It’s a testament, then, to Zauner’s deeply adept writing that her mother - and wider family, at large - read as deeply sympathetic figures, whose desire to protect each other is universally relatable, even if their methods aren’t. At H Mart’s core is a deeply moving and quietly radical admission of human frailty and fault - of all the ways we hurt ourselves and those we love trying to navigate the world we find ourselves in. Children may say unthinkable things to their parents that pierce like a knife, while parents may tell their children, “I had an abortion after you because you were such a terrible child”. But, usually it’s only born out of deep love and the frustration of feeling unable to fully express it.
As we enter the final third of Crying In H Mart, Zauner is found surveying the wreckage of grief on the eve of her mother’s funeral. “It felt like the world had divided into two different types of people, those who had felt pain and those who had yet to”, she declares. It’s a brilliant line - one that also features in the song “Posing In Bondage”. It captures the all-consuming weight of grief; the way it becomes not just a facet of life but its defining force. Zauner is consistently terrific at capturing the ability of grief to destabilise - in both her music and literature. In H Mart, she writes of the very-particular grief of losing a parent, of no longer having “someone whole to stand beside, to make sense of me.”

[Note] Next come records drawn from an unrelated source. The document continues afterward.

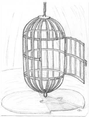 | Copyright 2002 by dungeonmouse Helga comes early for Diedra this evening. Diedra counts only 756 laps around the wheel when Helga arrives. Usually she pushes her spoke at least 900 times round the circle each shift. Helga unlocks Diedra's wrist chains from the spoke and fastens them to the metal belt around Diedra's waist. She grabs the chain attached to Diedra's steel collar and leads Diedra from the wheel chamber. Normally, Helga administers punishments then feeds the prisoners before releasing them from the wheel and returning them to their cells. Diedra frets over the break in routine. With Helga, “new” means “bad.” Diedra prances along behind Helga, taking two steps for every one of Helga's so her manacled legs can keep up. Helga leads Diedra down a corridor Diedra has never visited. The floor slopes down and becomes rougher. Diedra's bare feet, toughened by walking on the bare stone floors, handle the sharp edges well enough but as dim light bulbs in the main dungeon give way to tar torches, Diedra struggles to keep her footing on the uneven floor. A metallic creak draws Diedra's eyes from the floor. She stops just short of running into Helga. A smoky torch splatters yellow light around a small chamber. Several rusty shafts run along the ceiling. One shaft creaks as it rotates slowly. A chain, wound around the shaft, disappears into a hole in the floor. Two guards peer down the hole. At length, the rising chain pulls a cage through the hole. The guards’ shadows prevent Diedra from seeing inside the cage. The top half resembles a large bird cage, the rust-coated bars arching over in a domed top. As the cage clears the hole, Diedra sees the bottom half mirrors the top. A large ring hangs from the bottom. One guard clips a chain to this ring and pulls the cage sideways enough to clear the hole. The guard steps back and Diedra draws in her breath. Inside the cage slumps a girl. Her wrist chains hang from the top of the cage and her ankle chains fasten to the bottom. The cage provides just enough room for her to sit inside, one leg tucked under her, the other dangling between two bars, swinging at an odd angle on the end of its chain. The girl's skin shows a blue cast even in the yellow light. The guards unlock the cage door and unfasten the girl's chains from the cage. They pull her out. Her body flops forward and the guards struggle to keep their grip. They wrestle her body to the door then lose their grip. She slithers out the door without twitching or jerking, landing in a jumble of limbs with a soft plop. The guards pick up the girl, one each on her wrist and ankle chains, and drop her down the hole. Diedra glimpses her blue-white face framed for an instant in the black hole. “She did poorly.” Helga notes without emotion. Helga and the guards lead Diedra to the cage door. Diedra stares into the cage then looks at Helga. Diedra’s brain screams but only a small croak comes from her throat. "Your turn, Diedra." Helga points into the cage. Diedra twists in the guards’ grip. Helga slams the butt of her riding crop into Diedra's solar plexus. Diedra doubles over. Helga sweeps her up like a doll and tosses her in the cage. The guards fasten Diedra into the cage before Diedra regains her breath. One guard closes and locks the door. The other eases the chain leading to the bottom ring and swings the cage back over the hole, unfastening the bottom chain when the cage hangs steady. The shafts and gears overhead shudder and creak. The cage jerks downward. Diedra clings to the bars of the cage. Her brain commands her body to scream, yell, pull at the chains, beat on the bars, do something! Her throat constricts into silence. Her hands and feet hang against the bars, quivering tubes of mush. She stares at Helga, pleading with her eyes. Helga stares back. The cage disappears into the caverns. Diedra locks her eyes on the circle of light coming through the hole. The mechanism creaks and bangs, lurching the cage as the chain unwinds into the abyss. Finally, the cage stops with a clank. Diedra stares upward at the tiny light far above. The guards close the hole around the chain, blocking the only glimmer of light into the cavern. Diedra stares up into the blackness. In her mind, she stares at a little circle of light. A blue-white circle of light. A circle framing a pale face. A contorted face with water-logged blue skin and milky fish-eyes. Her own skin and eyes. ********** Diedra sits in the dark clutching the bars. She sits for hours, maybe days, maybe just many long minutes. She wonders about The Bitch. No other gods or goddesses visit here, that’s for sure. Everyone pays lip service to the dungeon’s deity but no one really believes in Her. Except Helga. Helga worships the Bitch with a passion. Diedra mumbles a prayer to the Bitch and stares into the blackness. Nature catches up with Diedra. She shifts around until she sits between two bars and relieves herself. After a few seconds, she hears a soft splash. "The water in the caverns will rise and drown all the prisoners if you lazy twats don't push harder on that wheel." Hilda had said. Diedra thought Helga said that just to scare the prisoners. It worked. Diedra is terrified. Diedra sits in the inky black. The cage rocks on the end of the chain. Eventually, exhaustion and boredom take their toll and Diedra nods off. CLANG!!!!!!! The cage lurches drunkenly. Instantly awake, Diedra clutches the bars and peers into the darkness. The cage descends slowly. CLANG!!!!!!!!! The cage lurches and drops a half meter or so, the mechanism banging wildly. After an agonizingly long descent, Diedra hears water moving below. Seconds (or minutes or hours) later, she feels the water flowing slowly through the bottom bars of the cage. The water’s touch even though warm and gentle sends a shock through her body. Diedra shrieks and jumps up in the cage. The cage allows her a fraction of a meter before her head strikes the top. The cage cont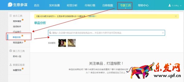 a. 打開生意參謀d.alibaba.com,選擇專題工具,進入單品分析,點擊搜索框,或者可以直接選擇系統推薦的店鋪目前熱賣單品。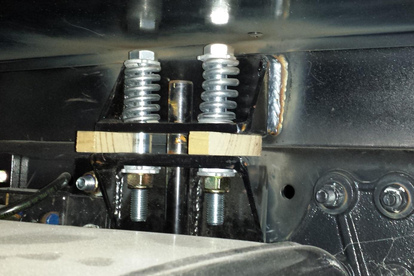 To follow up on how the two are fixed together, this is a shot of the spring brackets now welded to the canopy. The wood blocks keep the spacing even and they'll get taken out tomorrow.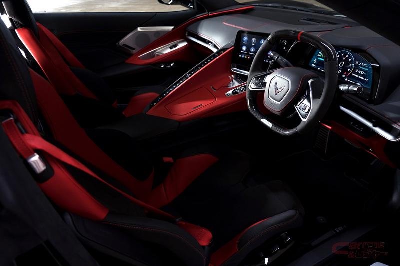 シボレーコルベットZ06は、サーキット走行を前提としたパフォーマンスモデルとして設計・開発され、市販の自然吸気エンジンとしては最高クラスの最高出力646PSを発揮する新型V型8気筒5.5リッターDOHCエンジン「LT6」を搭載。共通シャシー、類似したエンジン構造とデザインを有するレーシングカー「C8.R」から得た知識を細部に生かすことで、高速走行時の安定性とコーナリング性能を向上させるとともに、優れた冷却性能、ブレーキ性能を兼ね備え、高いサーキット性能と快適な乗り心地を実現した。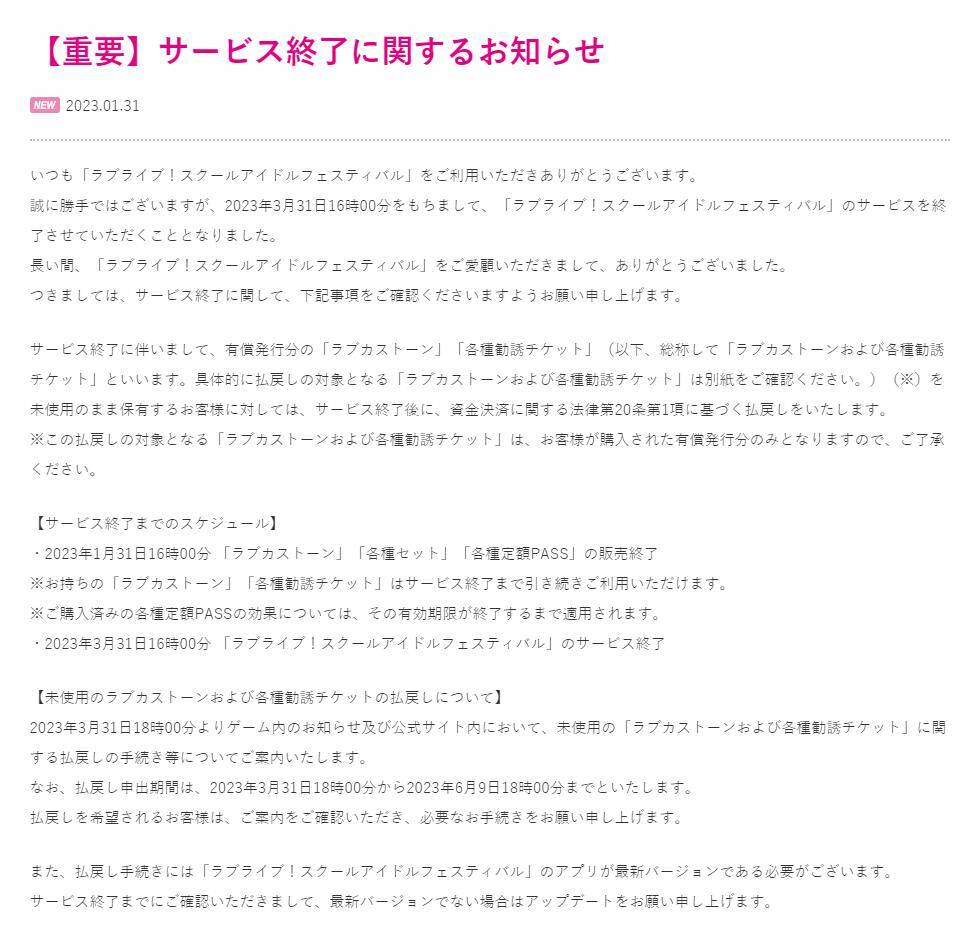 手游《Love Live!学园偶像祭》日服与国际服3月31日停服,新作正在开发中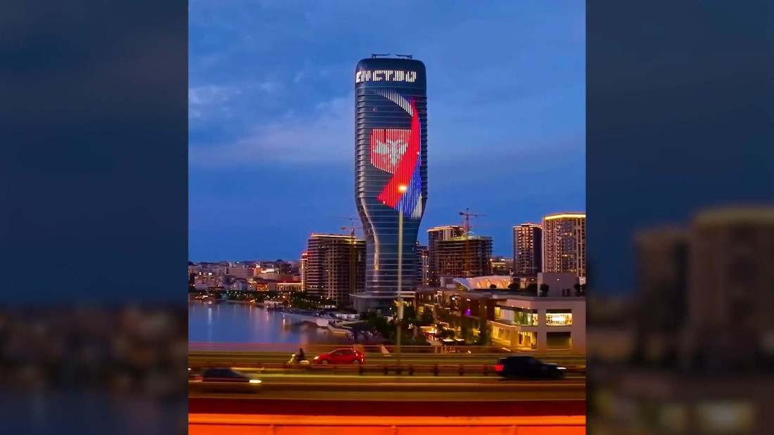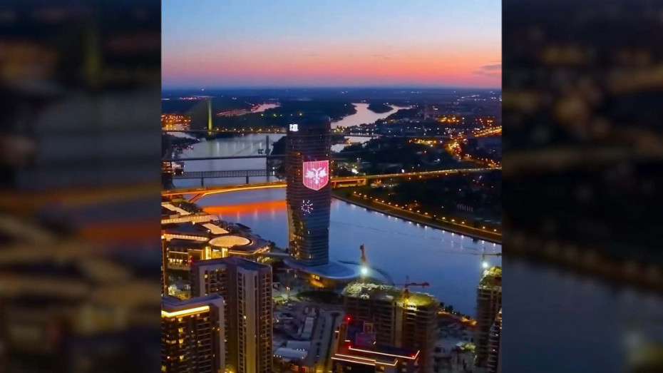 Animacije srpske trobojke, grba reprezentacije i fudbalera sa loptom večeras su se smenjivale na Kuli, uz poruku "Srećno Orlovi. Cela nacija je svim srcem uz vas", saopštila je kompanija Belgrade Waterfront.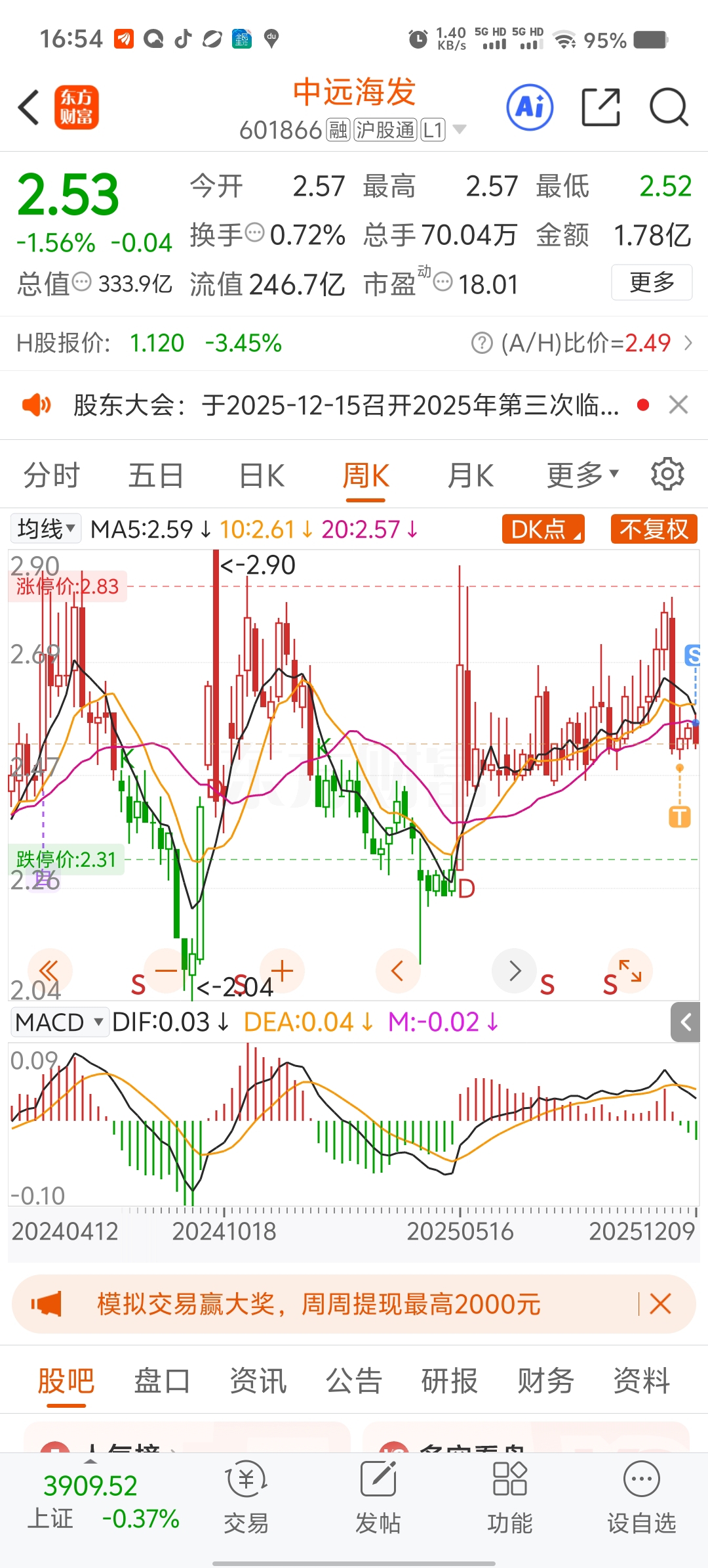 $中远海发(SH601866)$ 听劝,2.3以下再重仓……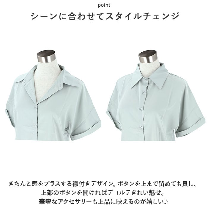 ・きちんと感をプラスする襟付きデザイン。ボタンを上まで留めても良し、上部のボタンを開ければデコルテきれい魅せ。華奢なアクセサリーも上品に映えるのが嬉しい♪

As effective as Zauner is at capturing the aftermath of her mother’s death, H Mart’s defining moments come during its heart-rending exploration of her illness. To watch a loved one suffer through terminal illness is to witness dozens of tiny deaths; the moment at which you realise that no amount of positive thinking or battling will change the inevitable, obviously, but also all the moments in which you stop recognising the person you looked up to and relied on for guidance, as their mental and physical state deteriorates.
To watch a parent succumb to illness is to have forced upon you a terrifying role reversal, as the child undertakes the role of carer to their parent. You find yourself making the same sacrifices your parents had to make when you were a child - in Zauner’s case, putting her band on hiatus, quitting jobs and subletting her apartment. Scattered across H Mart are a number of visceral examples of this role reversal. At one point, Zauner describes how, as a child, her mother would allow her to tuck her cold feet between her thighs as her mother assured her that “she would always suffer to bring me comfort” and “that that was how you knew someone really loved you”. Zauner then contrasts this image with that of herself climbing into her mother’s hospital bed during one of the worst episodes of her cancer. In another moment, Zauner recalls using a heart-shaped, pink bucket that had once housed her bath toys, as a sick bucket for her dying mother - running back and forth between the bedroom and bathroom to empty and clean it for her bedbound mother.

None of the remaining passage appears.